Eyes, JAPAN Blog > The science behind your cookbook.

The science behind your cookbook.

irina

この記事は1年以上前に書かれたもので、内容が古い可能性がありますのでご注意ください。

Over past decades food scientists worked hard exploring the nature of food preferences. Humans tend to combine certain culinary ingredients together and avoid mix some others, but why? Is there anything beyond ethnic traditions and personal preferences? Researchers explored thousands of recipes from all over the world and here’s what they came up with.

Recipes evolution

Over last thousands of years people experimented with food a lot. One of the theories explaining culinary recipes evolution refers to so-called copy-mutate process. Basically, humans tried to mix some ingredients, and based on the results decided to keep few of them to use further on (copy) or substitute the less suitable ones (mutate). This process made some food components abundant in regional cousins, forming staple ingredients distinctive for different ethnic groups.

Flavor


We can describe a flavor of the food as an overall impression based mostly on taste, smell, temperature, and texture. According Foodpairing project, over 80% of what we call taste is actually perceived through food’s aroma, or the flavor. Flavor is represented by aroma compounds (volatile flavor molecules), which trigger our food sensation both through the nose and through the mouth.

Food pairing

One of the popular hypothesis claims that the key to food ingredients compatibility is hidden in their flavor similarity. The concept assumes that food ingredients sharing major flavor components are more likely to taste nice together. This idea inspired some chefs to look for novelty ingredients combination based on scientific evidence. As a result, numerous unexpected food marriages were revealed, among which are caviar and white chocolate, oysters and passion fruit, and many more.

Flavor network

Another study on food composition developed into flavor network, a data-driven structure describing the relationships between separate culinary ingredients.  The network was designed to explore possible patterns in culinary components combinations. It’s nodes represent recipe ingredients and the links between them describe the number of shared flavor components.

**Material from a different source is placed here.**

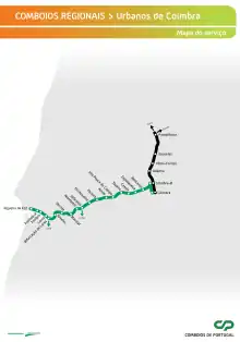 Después del abandono por parte de CP de las conexiones de Coímbra en el eje Lousã - Miranda do Corvo (Ramal de Lousã), y de esta ciudad a Figueira da Foz a través de Cantanhede (Ramal de Figueira da Foz), en 2011, los servicios Urbanos de Coimbra quedaron reducidos al corredor del Baixo Mondego, de Coímbra a Figueira da Foz a través de Montemor-o-Velho (Ramal de Alfarelos y tramos de las líneas del Norte y Oeste).
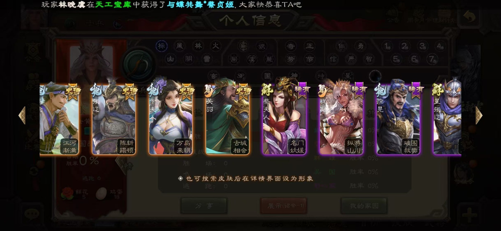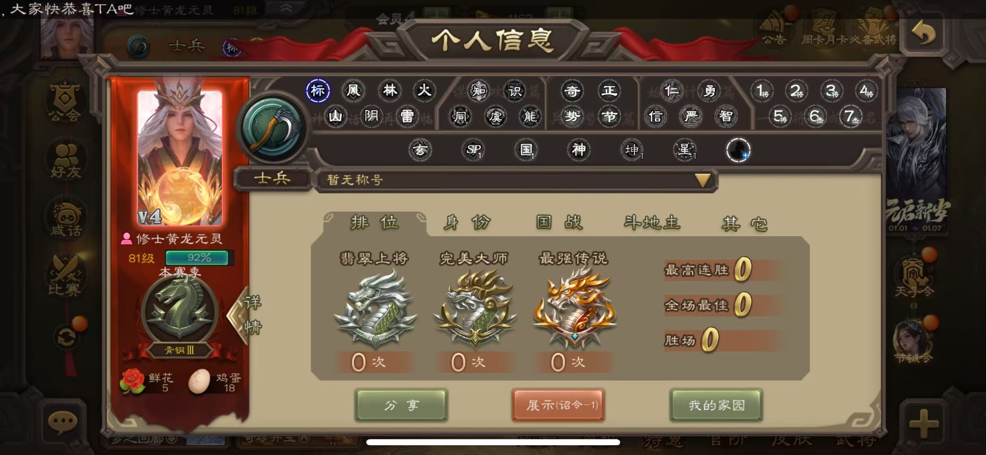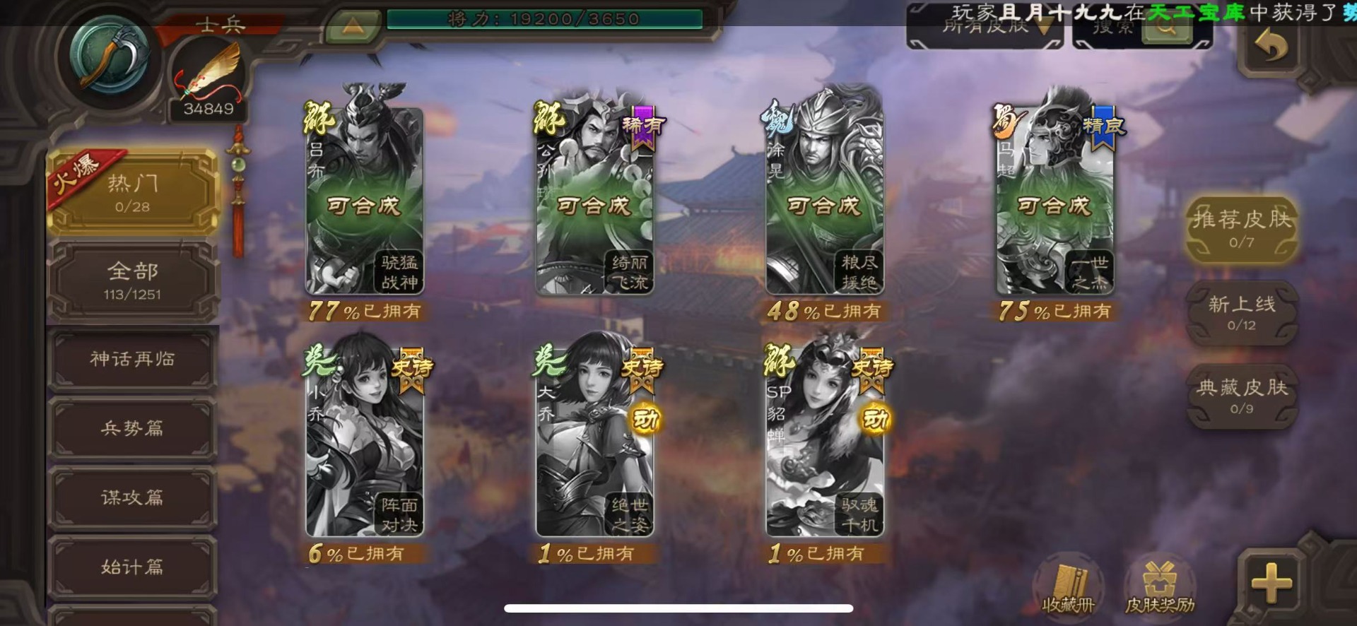 [16418263]vip4 士兵 86武将 2动态皮肤 3史诗武将 【神将】神刘备 【魏国武将】势国渊王元姬

The study has shown, that regional cuisines can be distinguished by rather small ingredient sets with specific flavors. For instance, North American original recipe components are dairy products, eggs, and wheat. In contrast, East Asian cuisine’s basics are soy sauce, sesame oil, rice, and ginger. The research has also reported that North Americans indeed tend to combine ingredients sharing many flavor components, while East Asians usually mix components with a few or no common aroma molecules.

Color, sound, and more.

Flavor composition is one of the major topics in contemporary food science. However, it doesn’t take into account other meaningful aspects of food perception. Numerous studies have shown that color, for instance, influence our food sensation a lot, the same as the sound we hear while eating.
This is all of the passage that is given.